Dinner bolted down we jumped into another black Megane with our driver Arnoud, this one a Cup. A quick run down to the harbour through a certain Monaco tunnel and we were suddenly in the heart of it, Fintail Mercs following 911s and Fulvias up and over the start ramp and up to Casino Square.
Hot on the heels of Andruet and Biche, Arnoud was carving through downtown Monaco apace, battle-scarred classic rally cars contrasting with the glitz and glamour.
And now I'm going to stop typing because we're in the middle of a regularity stage and I'm starting to feel a little sick...
Journalists without a smiling chaperone at an airport arrivals hall are like lost sheep but after a brief wait, a café au lait and a tartes aux pommes our limo arrived, suitably hued and appropriate to the evening ahead. No stretched saloon for us though - our chariot was a Megane 265 on winter tyres, the better for chasing old rally cars. Very PH. And unlike our Recaro seated Cup long termer the unfortunate in the back can get his feet under the front seats.
No sign of the rally or any of the old cars yet but the hotel is full of people in team fleeces and carrying helmets so there's just a sense of what's to come as we quickly cram some food down us and get ready for our trip up into the mountains.
So, on my way to the airport and very much looking forward to joining the Historique out in France.
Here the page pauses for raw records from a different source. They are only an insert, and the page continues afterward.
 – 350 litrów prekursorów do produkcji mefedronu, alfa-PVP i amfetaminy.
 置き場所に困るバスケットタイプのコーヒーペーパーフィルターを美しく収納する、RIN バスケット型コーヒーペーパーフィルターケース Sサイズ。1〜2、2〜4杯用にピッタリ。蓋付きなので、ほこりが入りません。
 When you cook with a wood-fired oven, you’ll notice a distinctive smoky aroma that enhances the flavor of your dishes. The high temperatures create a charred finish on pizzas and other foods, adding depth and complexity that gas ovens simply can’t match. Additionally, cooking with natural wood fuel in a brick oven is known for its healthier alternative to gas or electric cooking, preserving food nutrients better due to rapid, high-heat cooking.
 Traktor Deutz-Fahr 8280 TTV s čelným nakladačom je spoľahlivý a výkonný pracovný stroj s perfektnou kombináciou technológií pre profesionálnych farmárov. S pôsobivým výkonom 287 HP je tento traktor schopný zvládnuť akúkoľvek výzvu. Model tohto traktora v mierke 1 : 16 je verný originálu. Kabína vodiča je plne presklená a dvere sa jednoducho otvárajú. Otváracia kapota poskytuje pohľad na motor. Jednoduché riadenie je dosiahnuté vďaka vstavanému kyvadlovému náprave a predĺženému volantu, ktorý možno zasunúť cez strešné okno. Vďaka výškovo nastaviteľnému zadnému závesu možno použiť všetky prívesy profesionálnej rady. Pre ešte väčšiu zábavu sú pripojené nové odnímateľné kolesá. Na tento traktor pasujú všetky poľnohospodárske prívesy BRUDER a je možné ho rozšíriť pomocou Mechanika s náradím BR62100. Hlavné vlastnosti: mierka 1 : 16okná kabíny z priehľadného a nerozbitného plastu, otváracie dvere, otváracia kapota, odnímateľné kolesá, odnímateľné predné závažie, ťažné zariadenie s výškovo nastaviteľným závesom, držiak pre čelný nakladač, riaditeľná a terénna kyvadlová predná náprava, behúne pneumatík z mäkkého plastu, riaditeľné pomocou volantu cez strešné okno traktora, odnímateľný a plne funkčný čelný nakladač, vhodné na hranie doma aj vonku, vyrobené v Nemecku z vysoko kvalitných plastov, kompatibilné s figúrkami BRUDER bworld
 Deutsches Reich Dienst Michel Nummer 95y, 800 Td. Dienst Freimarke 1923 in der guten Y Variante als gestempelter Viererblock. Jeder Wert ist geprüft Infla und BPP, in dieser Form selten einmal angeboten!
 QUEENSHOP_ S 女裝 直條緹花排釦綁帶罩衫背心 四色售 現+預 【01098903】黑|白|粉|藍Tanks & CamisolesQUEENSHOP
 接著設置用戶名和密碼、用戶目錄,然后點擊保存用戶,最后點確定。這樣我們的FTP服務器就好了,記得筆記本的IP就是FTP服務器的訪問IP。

In the meantime I've been swotting up on all things Alpine, past, present and future.
PH Heroespiece on the car we ran a while back - see here for more. I've always had a soft spot for these but have never been in one so it's going to be a real privilege to see them in action and have a ride.
But the trip is a much about Alpine's future as it is the past. Renaultsport fans will, of course, be aware that recent hot Renaults have been built and developed out of Alpine's Dieppe factory and we'll be joined by some of the engineers and management on this event.
I'm particularly looking forward to meeting Jean-Pascal Dauce, who's co-driving for Renault boss Carlos Tavares. Currently in charge of Renaultsport's track and rally activities, Dauce worked at Airbus before joining Renault as a chassis man. At Renaultsport since 2003 he was Megane Renaultsport project manager, meaning he'll have had a big part to play in cars like the R26 and R26.R. He also owns an A110 of his own apparently.
And he's now chief engineer on the Alpine-Caterham project. Someone worth getting to know by the sounds of it.